● Dataset
________________________

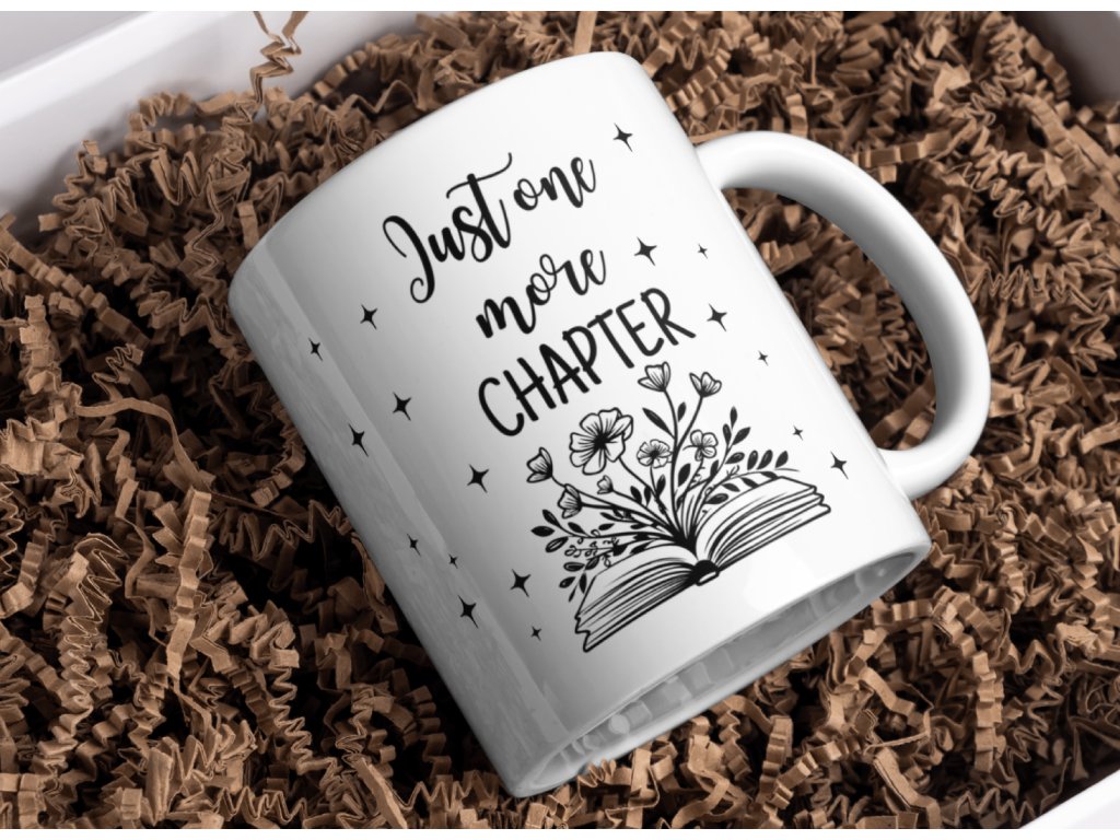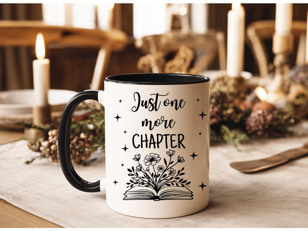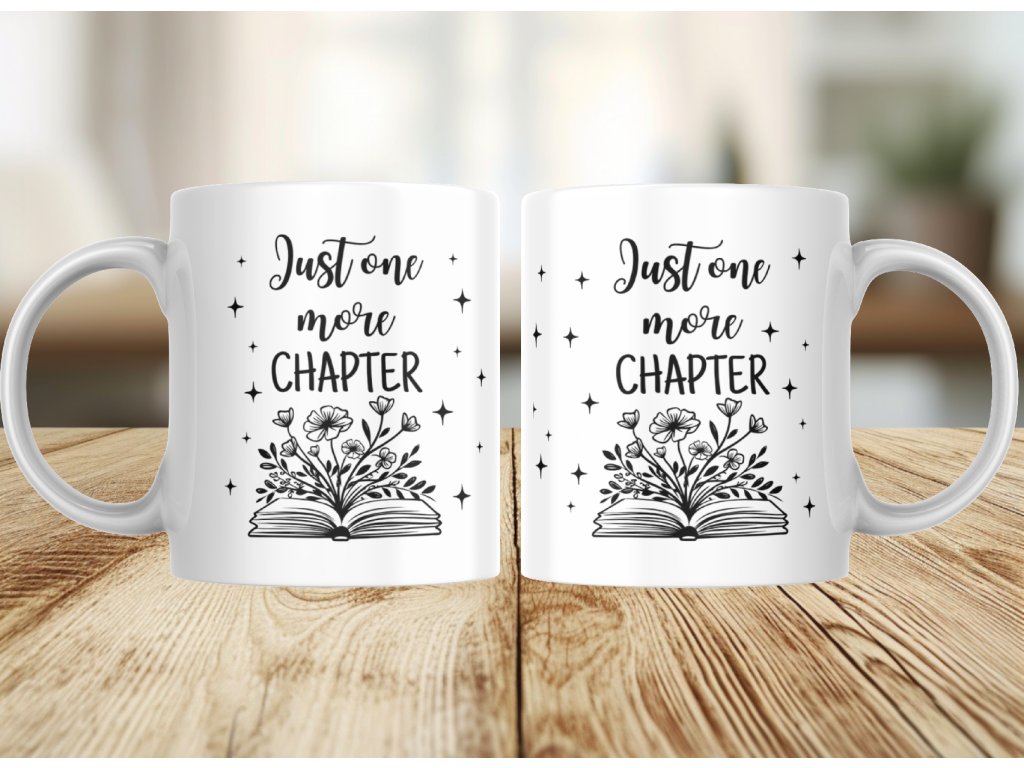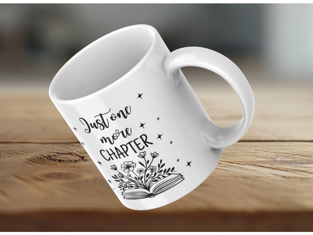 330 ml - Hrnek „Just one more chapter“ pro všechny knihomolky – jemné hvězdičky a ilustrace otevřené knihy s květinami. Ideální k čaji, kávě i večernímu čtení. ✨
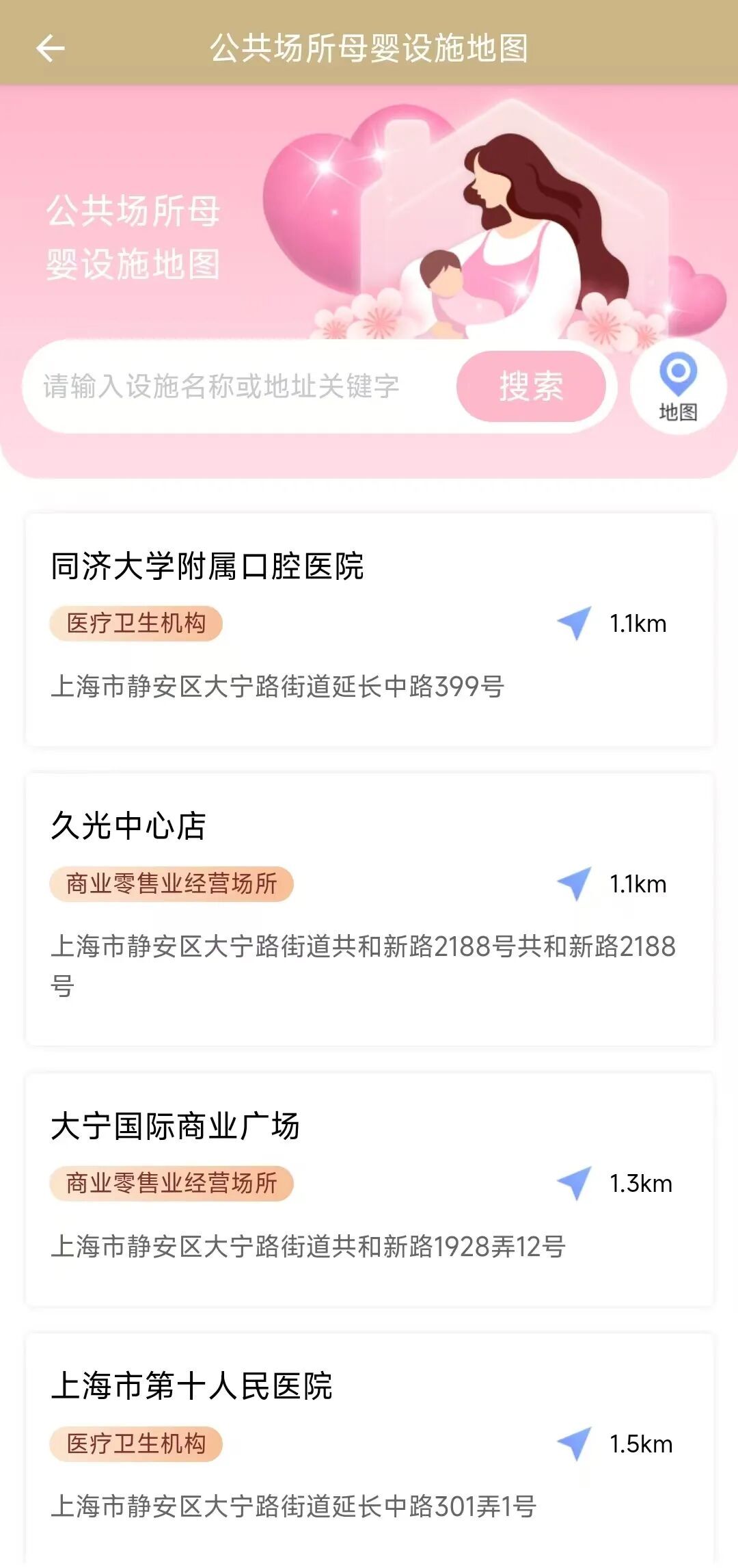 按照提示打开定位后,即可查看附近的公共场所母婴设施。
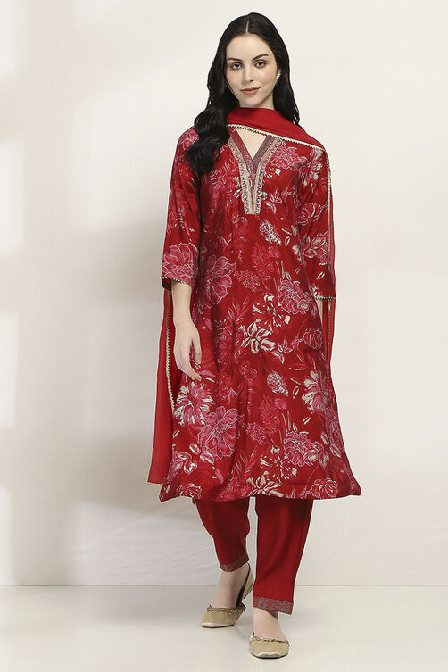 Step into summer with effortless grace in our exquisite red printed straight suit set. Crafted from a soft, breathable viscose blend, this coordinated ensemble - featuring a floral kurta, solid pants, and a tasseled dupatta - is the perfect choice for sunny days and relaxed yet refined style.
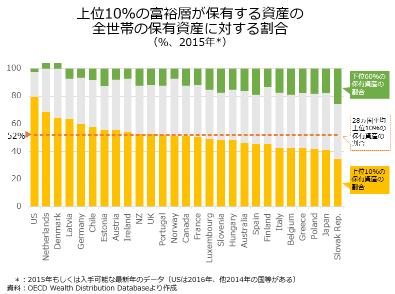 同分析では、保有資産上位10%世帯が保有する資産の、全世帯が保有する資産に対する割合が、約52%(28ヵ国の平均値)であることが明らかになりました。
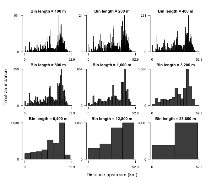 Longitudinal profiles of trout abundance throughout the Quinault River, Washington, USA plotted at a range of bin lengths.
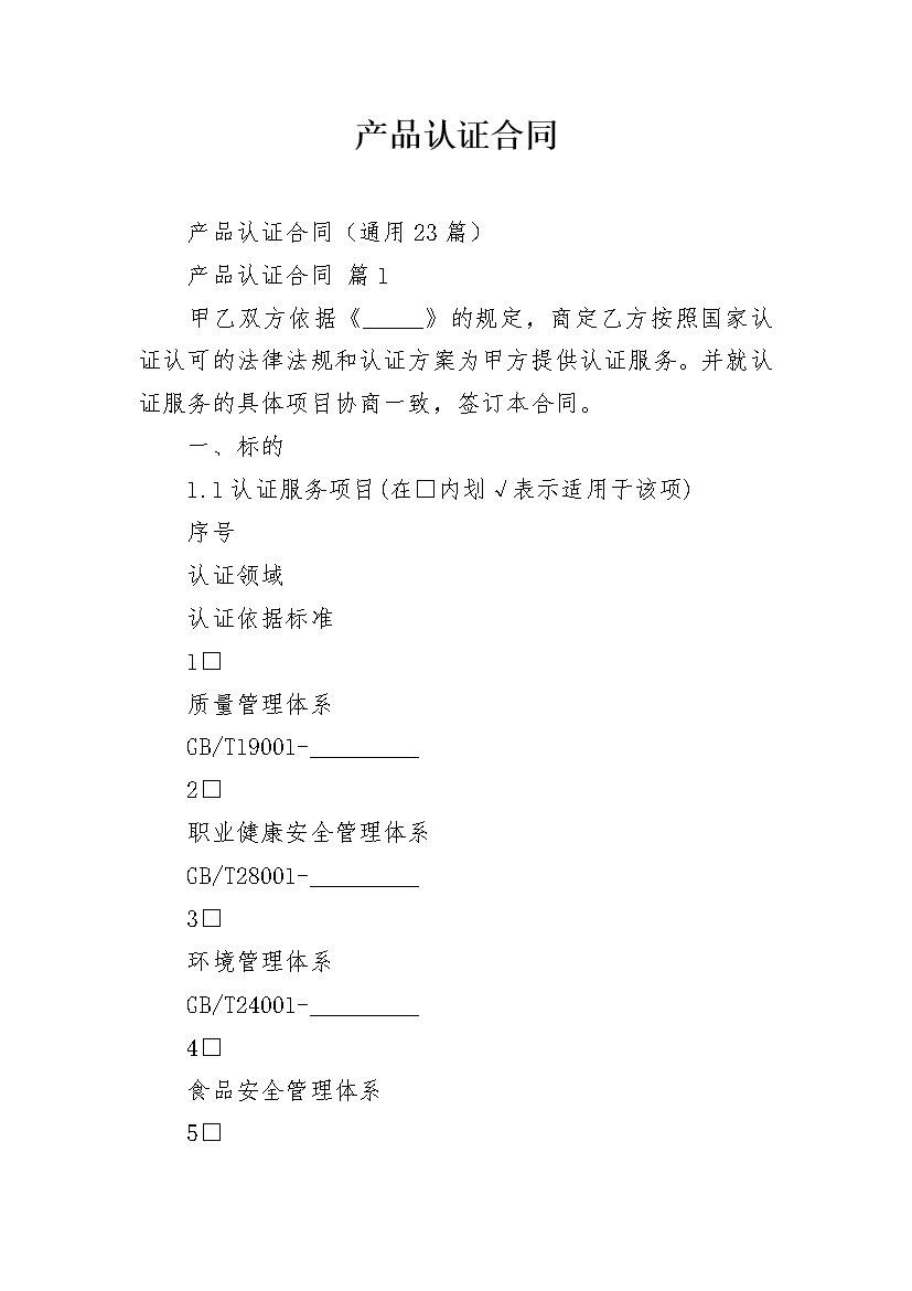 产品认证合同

________________________

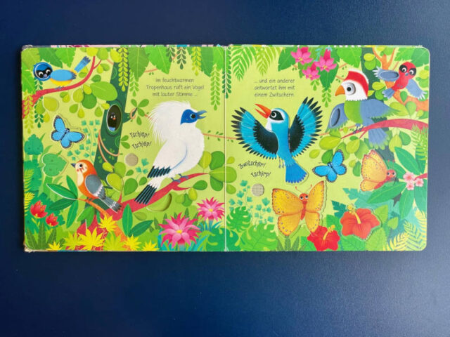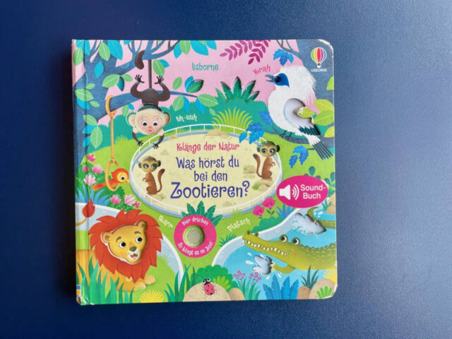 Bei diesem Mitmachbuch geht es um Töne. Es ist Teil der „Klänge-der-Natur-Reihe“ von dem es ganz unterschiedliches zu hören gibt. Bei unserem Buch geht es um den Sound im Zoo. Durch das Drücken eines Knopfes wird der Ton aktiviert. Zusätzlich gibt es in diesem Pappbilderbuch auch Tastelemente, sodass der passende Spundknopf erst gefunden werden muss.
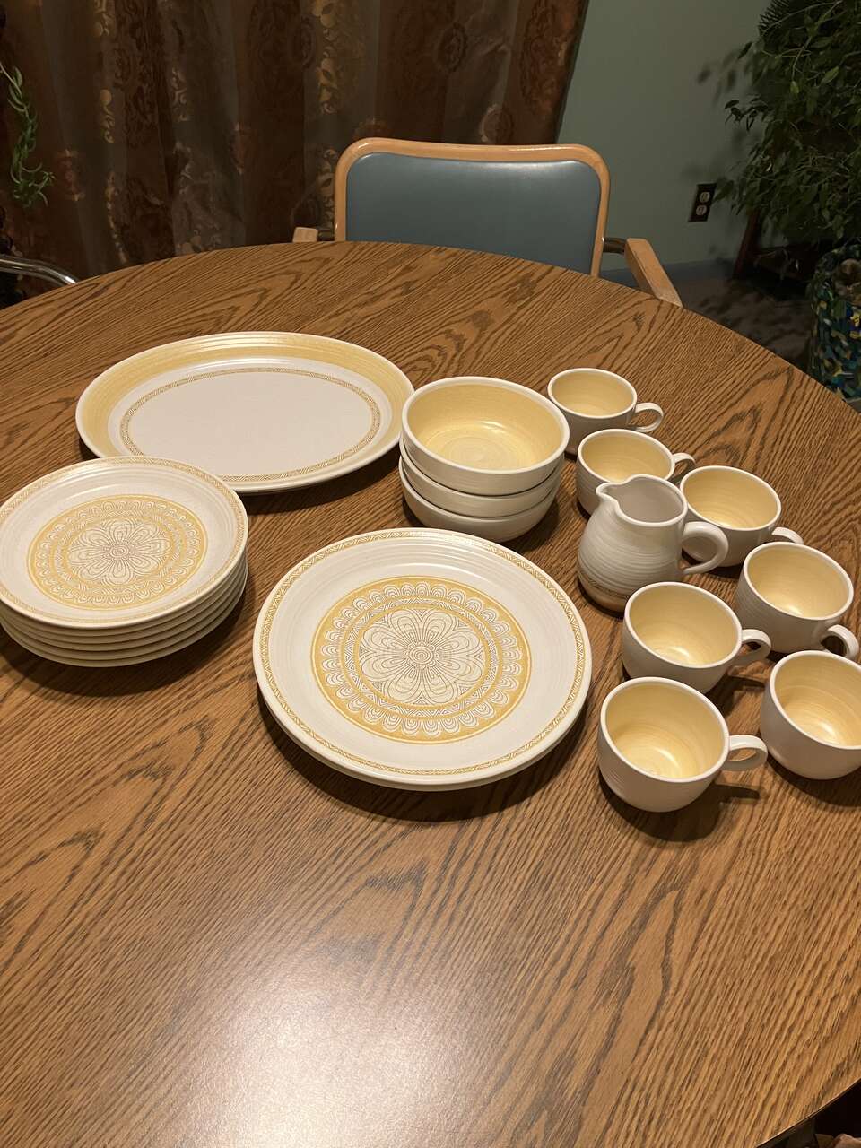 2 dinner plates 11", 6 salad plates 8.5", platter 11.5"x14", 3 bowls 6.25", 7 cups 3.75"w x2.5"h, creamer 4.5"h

________________________

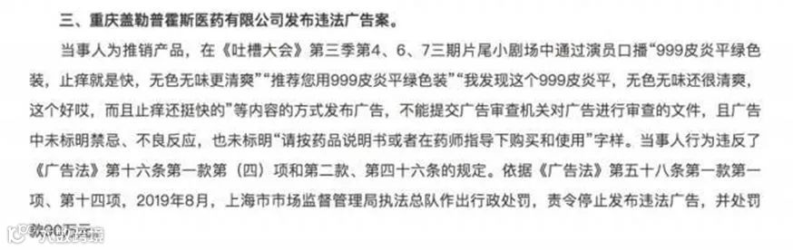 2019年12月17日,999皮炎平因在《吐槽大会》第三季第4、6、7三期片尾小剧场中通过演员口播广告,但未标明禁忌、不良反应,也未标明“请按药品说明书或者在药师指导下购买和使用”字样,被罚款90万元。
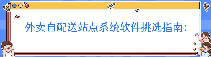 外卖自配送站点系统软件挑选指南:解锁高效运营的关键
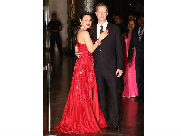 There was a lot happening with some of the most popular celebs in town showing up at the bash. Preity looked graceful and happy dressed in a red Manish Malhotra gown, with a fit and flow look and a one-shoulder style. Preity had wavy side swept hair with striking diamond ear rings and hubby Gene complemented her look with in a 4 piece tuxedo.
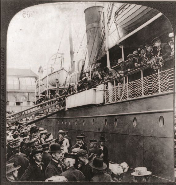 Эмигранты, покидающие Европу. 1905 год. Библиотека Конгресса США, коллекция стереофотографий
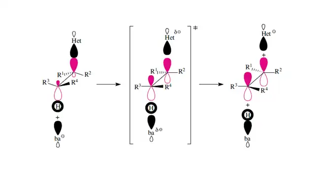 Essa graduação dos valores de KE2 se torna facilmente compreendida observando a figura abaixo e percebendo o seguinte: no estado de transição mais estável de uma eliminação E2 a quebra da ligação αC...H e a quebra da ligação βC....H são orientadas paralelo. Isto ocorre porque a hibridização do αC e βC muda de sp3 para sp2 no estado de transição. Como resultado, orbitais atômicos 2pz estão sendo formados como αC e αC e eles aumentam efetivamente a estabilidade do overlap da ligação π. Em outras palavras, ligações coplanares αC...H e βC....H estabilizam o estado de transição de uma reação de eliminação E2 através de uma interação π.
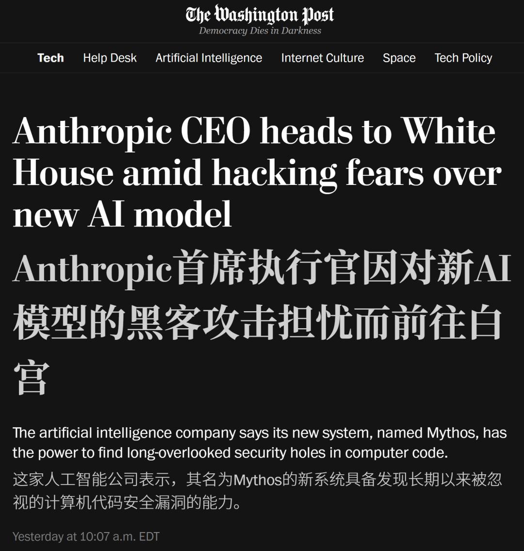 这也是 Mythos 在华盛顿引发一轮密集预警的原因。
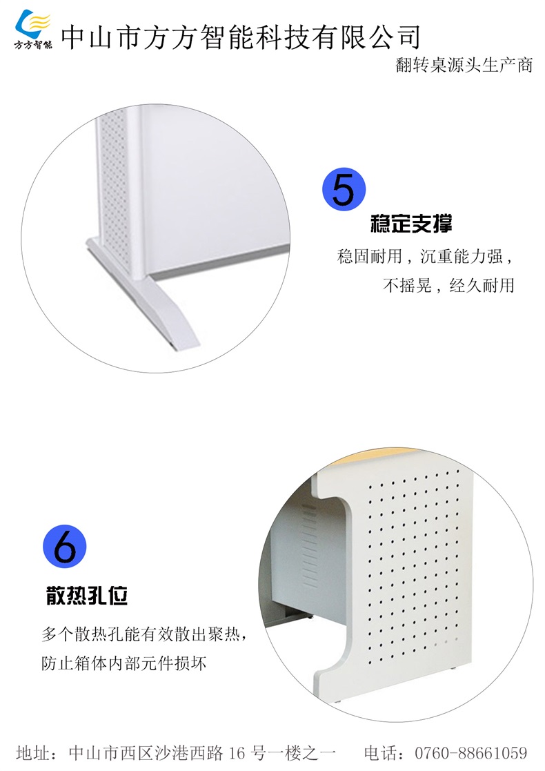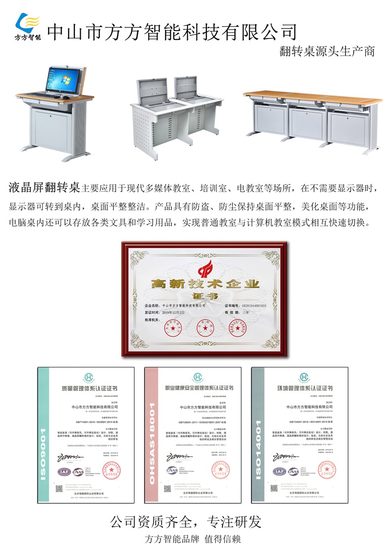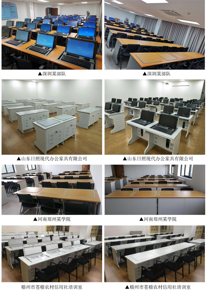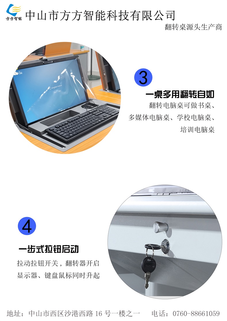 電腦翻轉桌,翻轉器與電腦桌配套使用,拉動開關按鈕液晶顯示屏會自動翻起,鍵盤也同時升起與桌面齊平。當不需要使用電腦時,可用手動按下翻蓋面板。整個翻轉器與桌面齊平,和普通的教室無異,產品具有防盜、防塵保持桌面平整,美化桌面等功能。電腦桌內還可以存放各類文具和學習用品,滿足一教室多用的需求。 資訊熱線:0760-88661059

________________________

Using the data above, transcribe exactly the lines between those containing "2019年12月17日,99" and "There was a", inclusive, and leave every picture behind.

● Exercise answer
 2019年12月17日,999皮炎平因在《吐槽大会》第三季第4、6、7三期片尾小剧场中通过演员口播广告,但未标明禁忌、不良反应,也未标明“请按药品说明书或者在药师指导下购买和使用”字样,被罚款90万元。
 外卖自配送站点系统软件挑选指南:解锁高效运营的关键
 There was a lot happening with some of the most popular celebs in town showing up at the bash. Preity looked graceful and happy dressed in a red Manish Malhotra gown, with a fit and flow look and a one-shoulder style. Preity had wavy side swept hair with striking diamond ear rings and hubby Gene complemented her look with in a 4 piece tuxedo.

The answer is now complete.